Back to Stuart we went again, because she didn’t think the hearing aids worked properly now, having gone through the wash and everything. And it was amusing in some way (yup, ahuh, it was… and I am not going crazy, not at all!) to think that now my mother was in possession of 2 and 1/2 pairs of hearing aids.
Chapter 8:
But no, she wasn’t. She only had one of the hearing aids from the “two ladies” and that was missing the ear-piece. I suspect Mom had tried to clean it — as she tends to be a bit obsessive about doing that — and unawares dropped the end piece. The other hearing aid?
“Well,” she shrugged. “It wasn’t working, so I threw it out. I mean I must have…”
Well, the hearing aids from Stuart work fine, by the way, probably not having had to survive the wash at all. We will never know for sure, however. The batteries were dead and nearly dead, respectively.
“But I change them whenever I don’t hear them ringing if I put my hand over them like this, to check,” my Mom exclaimed. She does check them obsessively, perhaps changing the batteries several times a day, I’ve noticed.
Stuart tried to explain that unlike my Dad’s, with less correction in my Mom’s hearing aids, the “whine” test is not always accurate. It would be better to just get on a weekly routine or listen for the beep-beep that the hearing aids give as a signal…
My Mom’s reaction: blah, blah, blah.
Stuart slipped me a gizmo for testing the batteries.
So now, we actually have the 1 pair of hearing aids, working, from Stuart, and one each of …I know. You are totally confused. It would be 2 pairs, if the two hearing aids of the second pair were from the same set or from the same supplier, but they are not.
Epilogue:
I removed the “extra” hearing aids and the now not-required different-sized batteries from their house, hoping to eliminate at least some of the confusion.

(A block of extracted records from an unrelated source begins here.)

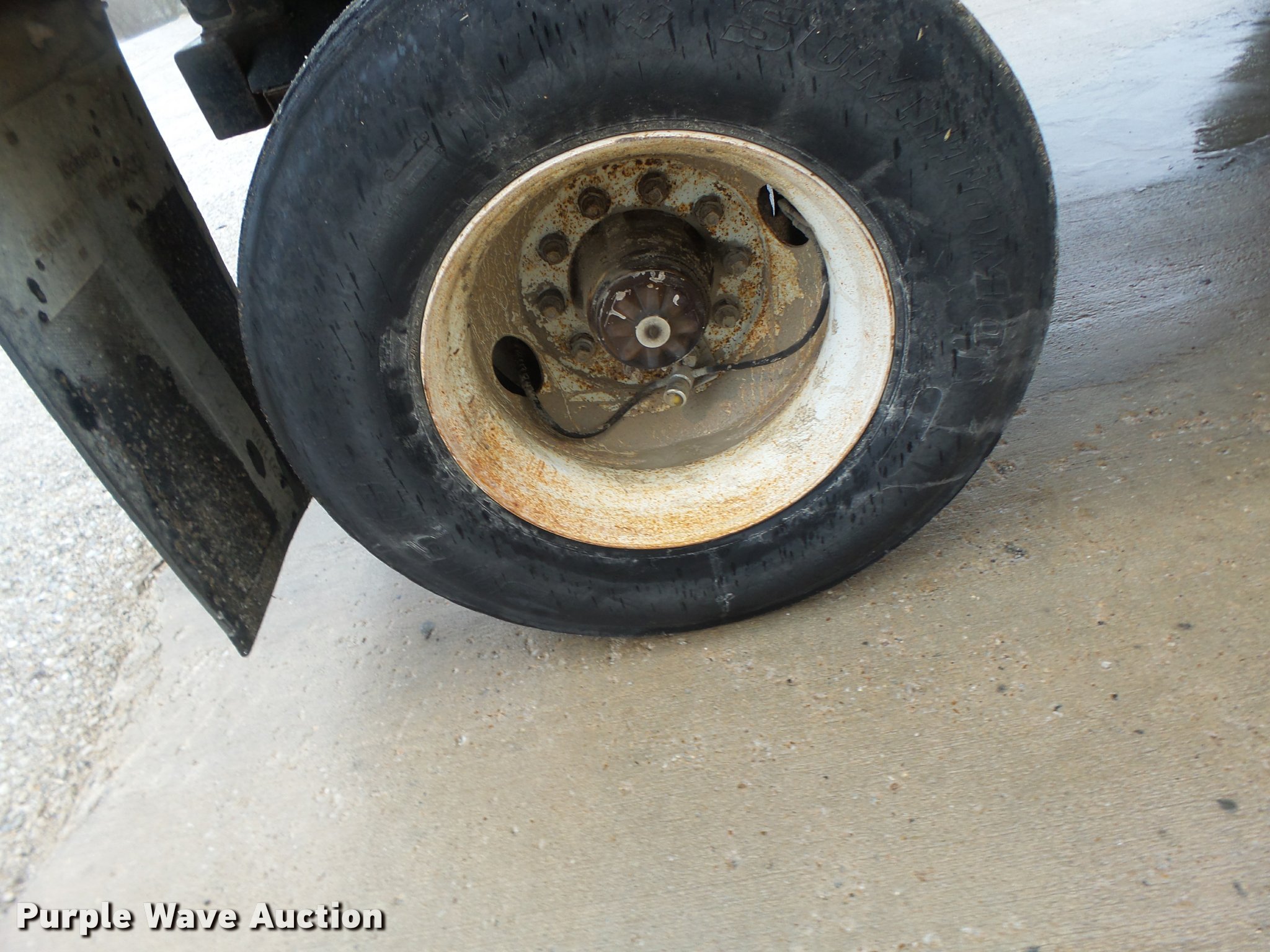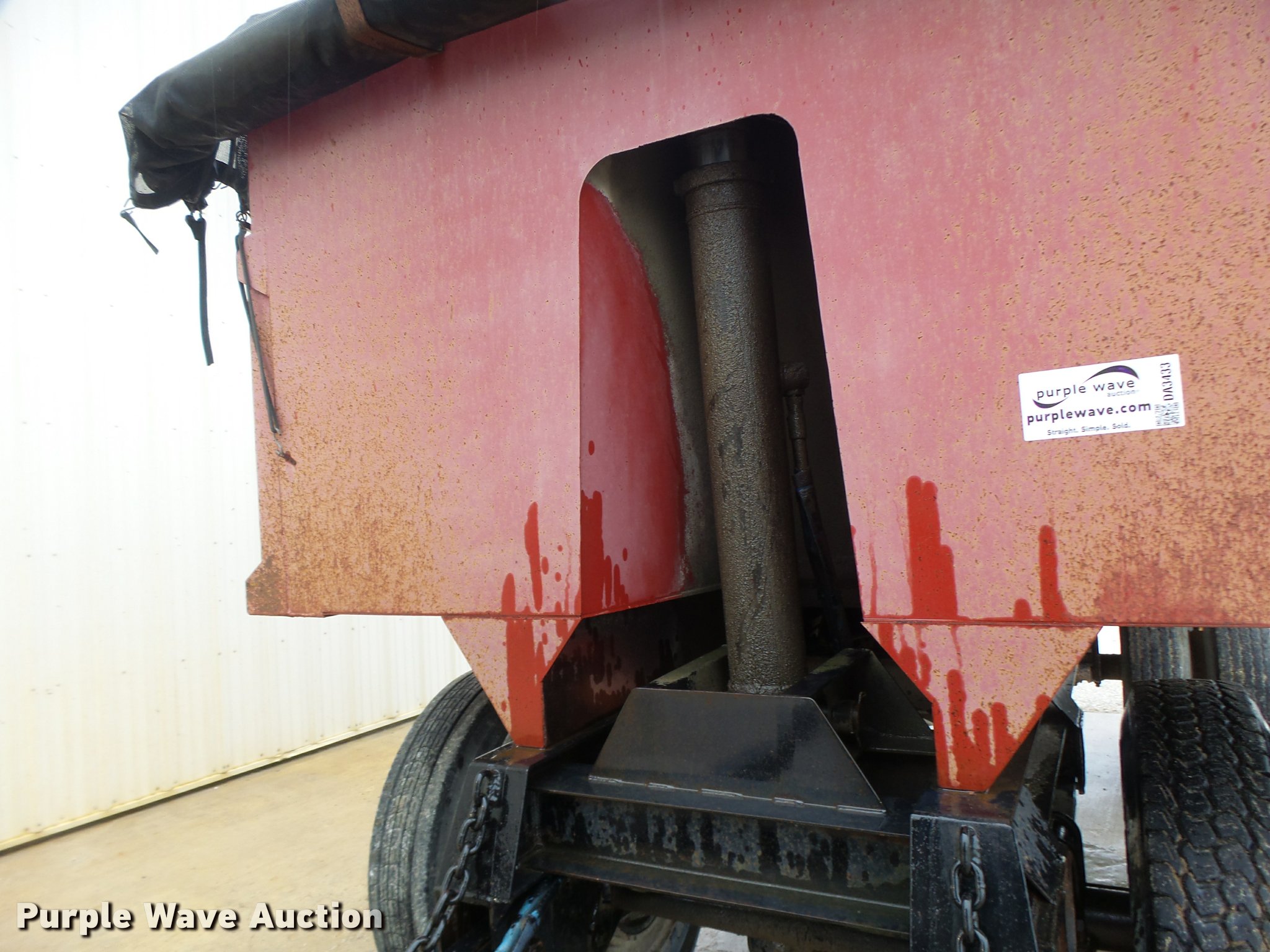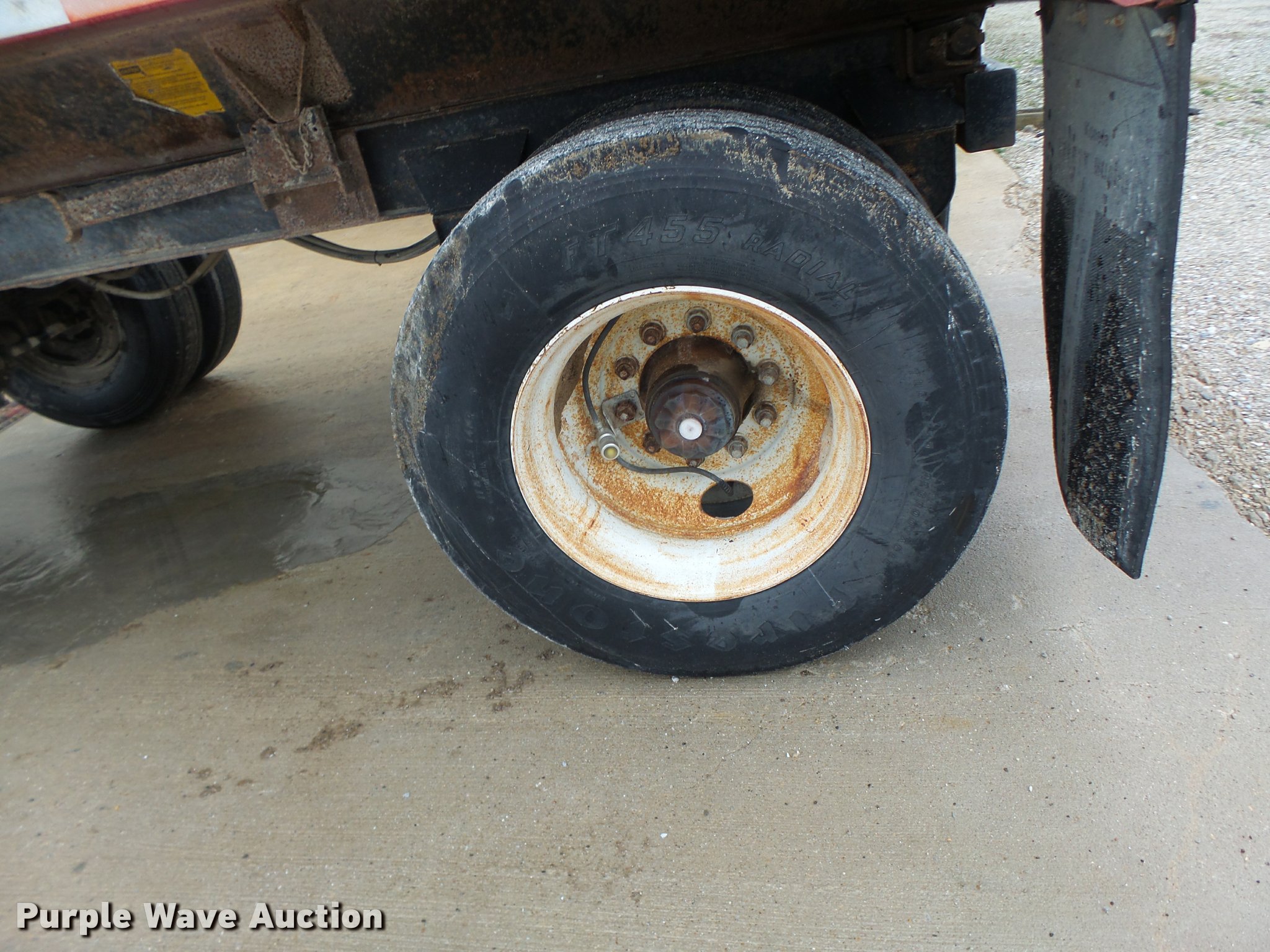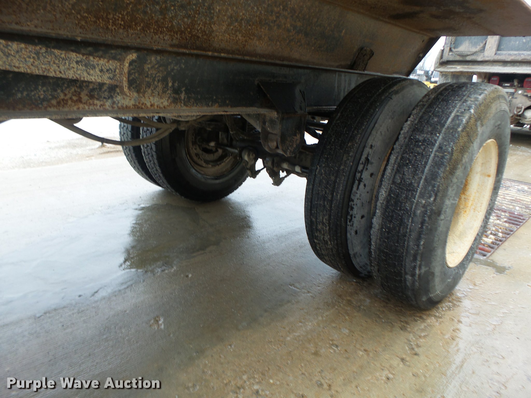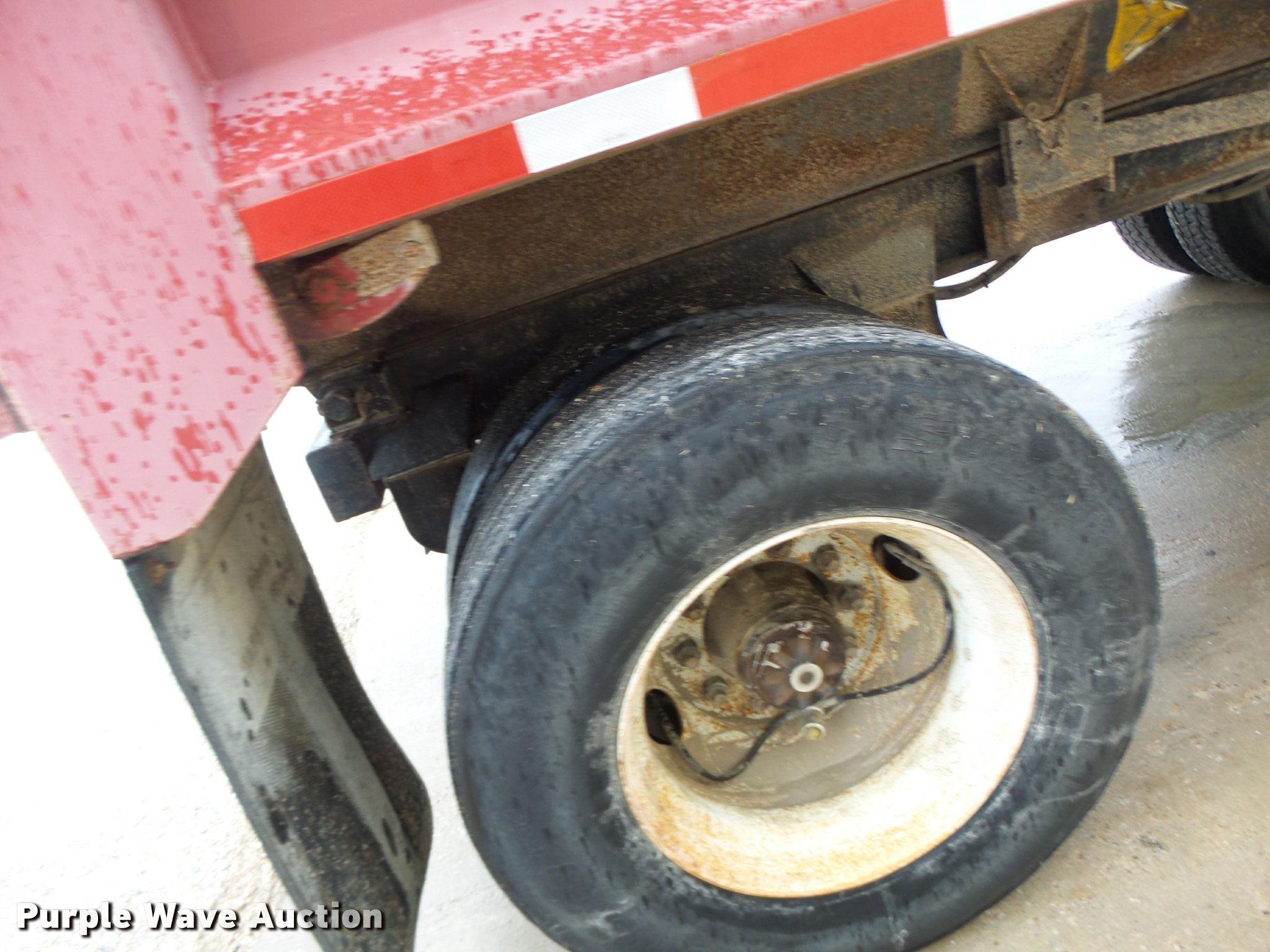 Purple Wave is selling a used Dump Trailer in Missouri. This item is a 1998 Wheeler end dump trailer with the following: 14'L x 8'W steel dump bed, 12" side boards, Single ram hoist, Manual tarp, Pintle hitch, Tandem axle, Spring suspension, Air brakes, Steel wheels, 11R22.5 tires
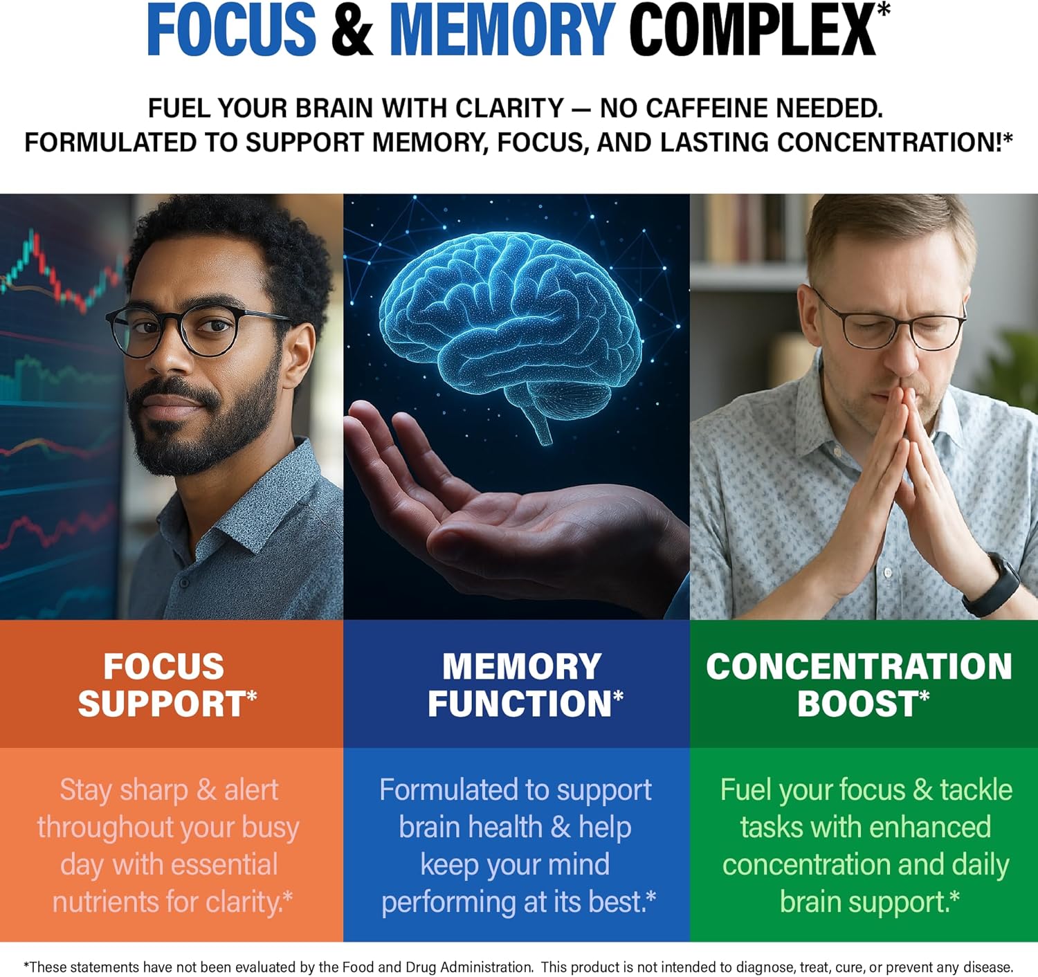 Focus & Memory Complex — stay sharp & focused naturally. Our focus & memory complex of multivitamin for men is crafted to support clarity, memory, and concentration without caffeine. Designed to keep your mind alert and performing at its best, this blend pairs perfectly with your lifestyle, helping you tackle your day with confidence & lasting focus.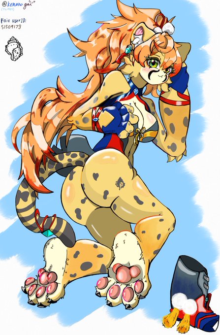 #不機嫌なラクーンさん #ケモノ #UnhappyRaccoon #furry #furryart #feetfethish #絵師さんフォロバ100 紅蓮華コスのギターナちゃん🐯 Gurenge costume Kitana🐯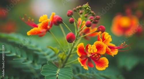 Vibrant Pride of Barbados Flowers in Full Bloom, showcasing vivid colors against a soft green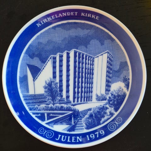 Selger en tallerken fra 100 års jubileumet. 1880-1980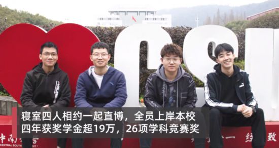 話題となっているのは劉沢一さん、隋慶開さん、荘佳鋭さん、李俊賢さんで、この4人は學(xué)生寮のルームメイト。大學(xué)1年の時(shí)に、「この大學(xué)の大學(xué)院に進(jìn)學(xué)しよう」と約束し合い、そして現(xiàn)在、彼らは全員學(xué)部を卒業(yè)し、同學(xué)院の博士課程にそのまま進(jìn)學(xué)した。大學(xué)生だった4年間、4人は日中は各人で勉強(qiáng)し、夜になると討論するなどして一緒に勉強(qiáng)してきた。そしてこれまでに奨學(xué)金合わせて約20萬元(1元は約18.4円)をゲットしてきた。勉強(qiáng)だけでなく、4人は學(xué)科コンテストや科學(xué)研究活動(dòng)にも頻繁に參加して、各級の學(xué)科コンテストで26の賞を受賞してきた。

But now we come to one of the other big issues. It involves a rather indecently expensive amount of dental work both my parents need. Some of it, surely is purely cosmetic and optional, but much of it I was convinced by the dentist was prudent, probably really necessary.
“Why are you so eager to spend my money?” my mother asked, quite indignant. She was dead set against having anything but the most basic fillings done.
“I don’t like that woman,” she continued, again widening her eyes and raising her eyebrows meaningfully. “I don’t trust her. I’m sure she’s a nice woman and everything. Just something about her. Besides, dentists are all just after your money.”
“We had the second consultation with her expressly so that she could explain what she wanted to do, Mom. Do you remember? I thought she made very good sense. She showed me all the x-rays. I didn’t think most of the work she wanted to do was unreasonable at all.” (Yeah, I know what she heard was .blah, blah, blah)
“Hah!” my Mom was scornful. “They are just after your money, dentists! Do you think they will do that work for nothing? Why are you so eager to throw away my money? That’s your inheritance you’re wasting!”
“This from the lady who just throws away hearing aids when they do not work, rather than taking them back to be repaired.”
“Well, hahaha,” my mother laughed. “I never cared about money anyway!”
This is another exasperating side of my mother. Lately she often makes the claim that she was always a care-free, irresponsible, spoiled child-woman who let her father and then my Dad completely look after and worry about “such things”. And that? It’s not completely true either.